◆ Task
Given the records below, would you repeat exactly the lines that begin at the one containing "Vom Bahnhof Spitz" and end at the one containing "Gonna con motivo", inclusive?

◆ Data provided
*** Block opens ***

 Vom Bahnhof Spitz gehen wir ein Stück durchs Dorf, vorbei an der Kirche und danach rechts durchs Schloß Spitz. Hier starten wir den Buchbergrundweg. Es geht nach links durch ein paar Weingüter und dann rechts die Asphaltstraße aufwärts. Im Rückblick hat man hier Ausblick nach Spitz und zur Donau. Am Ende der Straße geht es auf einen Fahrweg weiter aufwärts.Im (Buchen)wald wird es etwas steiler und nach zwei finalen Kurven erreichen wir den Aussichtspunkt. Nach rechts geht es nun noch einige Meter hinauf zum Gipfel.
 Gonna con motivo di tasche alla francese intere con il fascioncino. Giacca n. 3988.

*** Block closes ***
*** Block opens ***

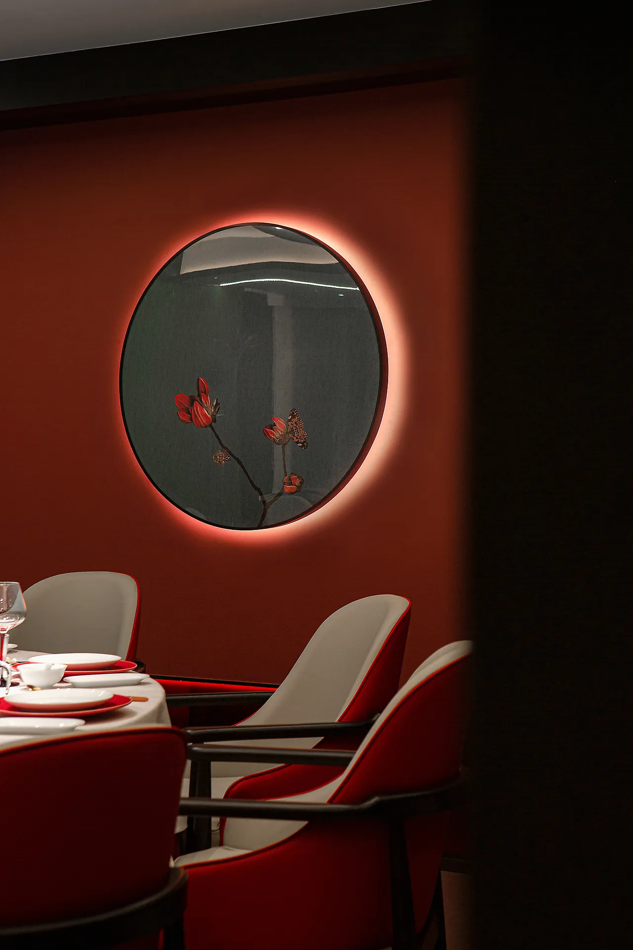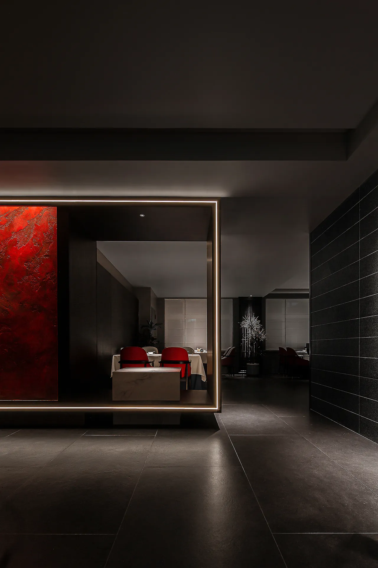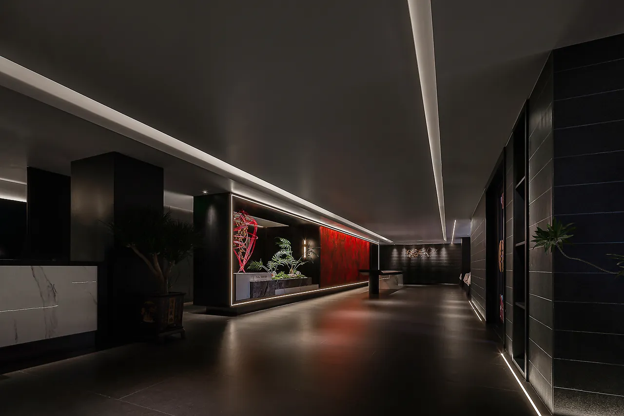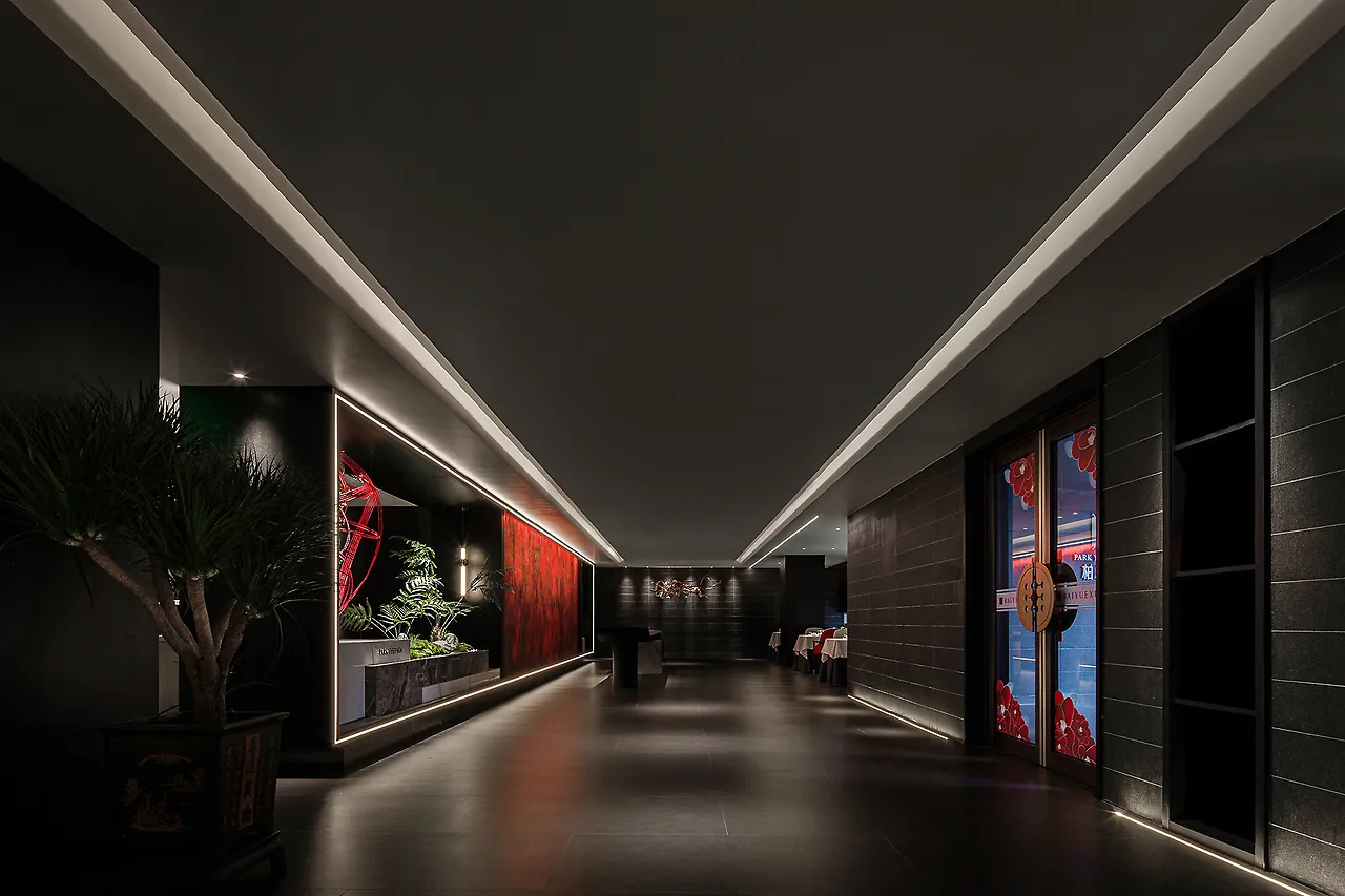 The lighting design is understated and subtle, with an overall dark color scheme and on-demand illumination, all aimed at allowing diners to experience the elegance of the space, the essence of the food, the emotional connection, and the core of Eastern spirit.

*** Block closes ***

◆ Response
 Vom Bahnhof Spitz gehen wir ein Stück durchs Dorf, vorbei an der Kirche und danach rechts durchs Schloß Spitz. Hier starten wir den Buchbergrundweg. Es geht nach links durch ein paar Weingüter und dann rechts die Asphaltstraße aufwärts. Im Rückblick hat man hier Ausblick nach Spitz und zur Donau. Am Ende der Straße geht es auf einen Fahrweg weiter aufwärts.Im (Buchen)wald wird es etwas steiler und nach zwei finalen Kurven erreichen wir den Aussichtspunkt. Nach rechts geht es nun noch einige Meter hinauf zum Gipfel.
 Gonna con motivo di tasche alla francese intere con il fascioncino. Giacca n. 3988.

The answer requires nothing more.